Member of the Pennsylvania House of Representatives from the 158th district
- In office January 7, 1997 – January 3, 2017
- Preceded by: Joseph Pitts
- Succeeded by: Eric Roe

Personal details
- Born: November 3, 1951 (age 74) Bryn Mawr, Pennsylvania
- Party: Republican
- Alma mater: Harvard University

= L. Chris Ross =

American politician

L. Chris Ross (born November 3, 1951) is an ex-six-term representative of the 158th Legislative District of Pennsylvania, United States. He was Republican Chairman of the House Intergovernmental Affairs Committee and was also a member of the House Environmental Resources and Energy Committee.

==Career==
Ross' career in public service began shortly after his graduation from college. He worked on the successful campaigns of US Senator John Heinz in 1976 and former Pennsylvania Governor Dick Thornburgh in 1978.

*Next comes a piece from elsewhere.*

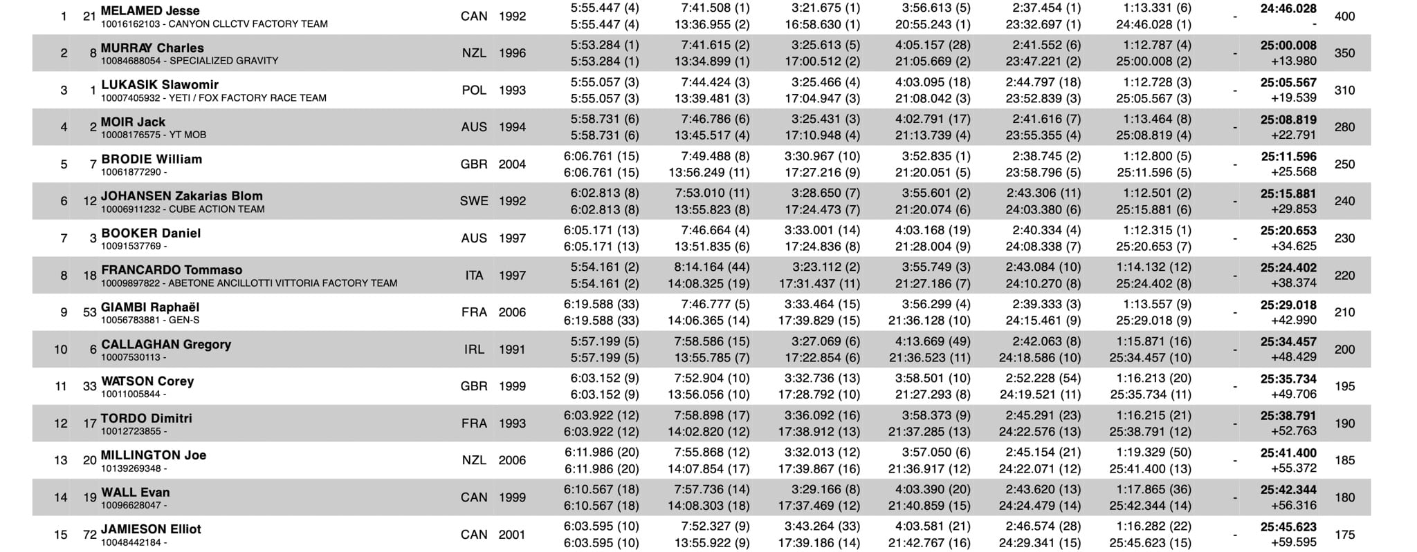 Jesse Melamed remporte cette course avec 13 secondes d’avance, 3 victoires de spéciales et retrouve la plus haute marche du podium, entouré de Charles Murray et Slawomir Lukasik. Il déclarera : « Tout s’est déroulé sans accroc, j’ai fait une seule erreur, une chute lors de la quatrième spéciale, mais à part ça, c’était vraiment propre. Donc j’espérais un bon résultat au général rien que pour ça, alors gagner, c’est incroyable, parce que j’avais juste l’impression de bien rouler. »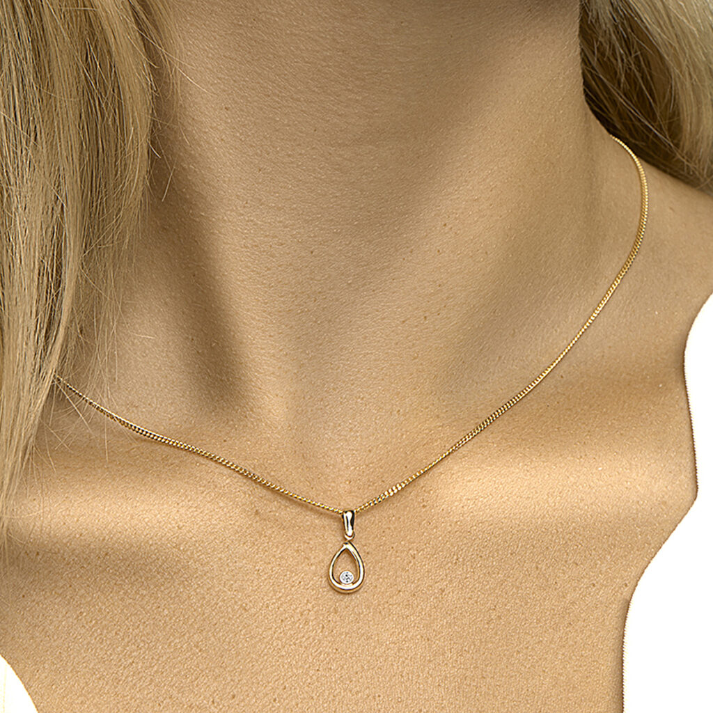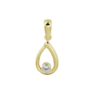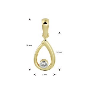 14k Geelgouden hanger uitgevoerd met een heldere zirkonia. De hanger heeft een totale hoogte van 1.8cm en een breedte van 7mm.

He served seven years as Chairman of the London Grove Township's Board of Supervisors. Ross was also a former board member of the Upland School, where he chaired the school's Education Committee and was chairman of the board of directors of the Fairville Early Learning Center (now known as Fairville Friends School).

He also was a business owner of Rox Industries, Inc. prior to his tenure as a state representative.

==Personal==
Ross is a 1974 graduate of Harvard University, where he earned a bachelor's degree in history. In 2002, the political website PoliticsPA named him to the list of "Smartest Legislators."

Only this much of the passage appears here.